The president is correct about the widespread proliferation of investment treaties. Indeed, I can’t think of another category of international pact that is equally bounteous.

Notably, most of these treaties – UNCTAD estimates nearly 80 percent – include most-favored nation provisions. MFN rules have a long history, and are premised on the notion that – when King Sam extends privileges to King Jack, he should do the same for King George. Fast forward to investment treaties, and MFN means that the US must treat German investors as well as it treats Canadian investors, and Argentine investors, and so on.

As legal scholar Martins Paparinskis has shown, investment treaty arbitrators have had a field day with MFN provisions. Arbitrators have found that investors from Country A investing in Country B get to have access to equal treatment as Country B offers investors from Countries C, D and so on. But this “treatment” goes beyond Country B’s direct relations with the investor in question, and can include the benefit of the substantive and procedural treaty provisions that Country B negotiated with those other nations.

Pause for a moment to imagine the mischief this allows. Let’s say that we take Obama at his word that his investment agreements are better than past ones – perhaps by blocking challenges of health measures. Great.
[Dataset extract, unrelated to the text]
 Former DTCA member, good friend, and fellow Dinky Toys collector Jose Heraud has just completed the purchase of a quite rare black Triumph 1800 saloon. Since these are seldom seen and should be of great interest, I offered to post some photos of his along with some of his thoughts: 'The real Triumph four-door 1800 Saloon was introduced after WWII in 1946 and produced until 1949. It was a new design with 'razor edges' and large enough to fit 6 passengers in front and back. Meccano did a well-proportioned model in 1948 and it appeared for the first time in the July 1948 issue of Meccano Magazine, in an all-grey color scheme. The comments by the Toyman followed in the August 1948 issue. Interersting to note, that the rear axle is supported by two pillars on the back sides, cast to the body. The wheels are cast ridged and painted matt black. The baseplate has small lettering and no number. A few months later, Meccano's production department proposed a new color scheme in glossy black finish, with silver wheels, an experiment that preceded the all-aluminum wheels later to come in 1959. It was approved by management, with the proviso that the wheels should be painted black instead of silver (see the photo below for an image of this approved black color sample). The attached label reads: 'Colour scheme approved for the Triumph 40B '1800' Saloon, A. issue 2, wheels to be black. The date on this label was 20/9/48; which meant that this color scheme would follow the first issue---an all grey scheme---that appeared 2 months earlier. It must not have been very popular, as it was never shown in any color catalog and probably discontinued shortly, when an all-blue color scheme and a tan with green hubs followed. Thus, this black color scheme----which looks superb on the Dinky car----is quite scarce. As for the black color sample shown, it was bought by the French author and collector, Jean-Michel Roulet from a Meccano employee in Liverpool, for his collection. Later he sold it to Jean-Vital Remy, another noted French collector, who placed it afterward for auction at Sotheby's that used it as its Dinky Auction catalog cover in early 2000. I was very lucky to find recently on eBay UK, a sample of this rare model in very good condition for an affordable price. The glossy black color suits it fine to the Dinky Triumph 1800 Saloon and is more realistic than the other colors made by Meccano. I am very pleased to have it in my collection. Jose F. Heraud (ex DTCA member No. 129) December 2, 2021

But if the past pacts continue to exist, then investors could pluck the most pro-investor provisions from a country’s entire roster of treaties. Such use of MFN sharply diminishes the utility of treaty-by-treaty reform efforts.

The problem is actually a bit deeper than that. As I wrote with some colleagues in a previous life, investment treaties also have a pretty open definition of which investors can benefit from them – typically requiring little more than registration in a chosen “home country”. (Some recent treaties create greater hurdles, such as requiring investors to have a “substantial business presence” in their designated “home country”. However, arbitrators reviewing these hurdles have determined that as little as two employees and a small paper trail in a home country were “substantial”.) This home country need not be the country that the public associates the investor with. Indeed, Philip Morris has used its Hong Kong subsidiary to launch claims against Australia, and Canadian firm Pac Rim has used its US subsidiary to get access to the US-Central America trade deal.
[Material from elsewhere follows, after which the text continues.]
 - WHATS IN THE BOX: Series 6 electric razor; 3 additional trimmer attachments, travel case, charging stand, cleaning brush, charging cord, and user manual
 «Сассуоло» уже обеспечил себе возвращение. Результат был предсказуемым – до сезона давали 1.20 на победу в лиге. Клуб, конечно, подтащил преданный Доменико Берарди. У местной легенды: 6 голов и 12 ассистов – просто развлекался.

Let’s illustrate how these provisions I’ve mentioned could play out when considered together. Let’s assume that Deutsche Bank wished to launch an ISDS claim against some aspect of the US’ Dodd-Frank financial reform law. The German company would not need to wait until the US implemented a Trans-Atlantic Trade and Investment Partnership (TTIP) to do so. Instead, it would merely need to make on-paper alterations to its corporate holding structure, such that its US operations were “owned” by Deutsche Bank AG (Canada). The Canadian subsidiary would benefit from NAFTA protections in the US – even without TTIP – through this “nationality planning”. To take matters further, imagine that NAFTA (or TTIP, for that matter) blocked investors from making certain types of financial services claims, but that an older US-Argentina investment treaty did not block such claims. Deutsche Bank would be able to claim that Argentine investors in the US could hypothetically benefit from more generous treatment than Germans and Canadians. By “treaty shopping” under MFN provisions, Deutsche Bank could claim the best treatment in the US’ 30-year-old network of treaties.
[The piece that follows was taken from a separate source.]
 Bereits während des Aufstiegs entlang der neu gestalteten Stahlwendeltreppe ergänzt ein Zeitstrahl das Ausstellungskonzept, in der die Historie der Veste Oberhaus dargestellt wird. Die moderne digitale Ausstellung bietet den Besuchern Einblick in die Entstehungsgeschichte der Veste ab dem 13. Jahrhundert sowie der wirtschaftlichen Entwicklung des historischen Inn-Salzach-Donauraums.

So while the policy debate focuses on whether Obama should sign a Trans-Pacific Partnership (TPP) or TTIP, the reality is that an investor could already make almost any claim it wished to make, through smart use of treaty-shopping and nationality planning. Thus, it is misguided for policymakers and analysts to think about investment pacts in bilateral and regional terms.

To paraphrase one of my favorite new bands Coup Sauvage, your new treaty will not save you. Without engaging with the “creeping multilateralism” of the 3,200-plus investment pacts, governments will waste a lot of time and energy trying to put their own mark on newer treaties. Fun stuff, but only if you like whack-a-mole.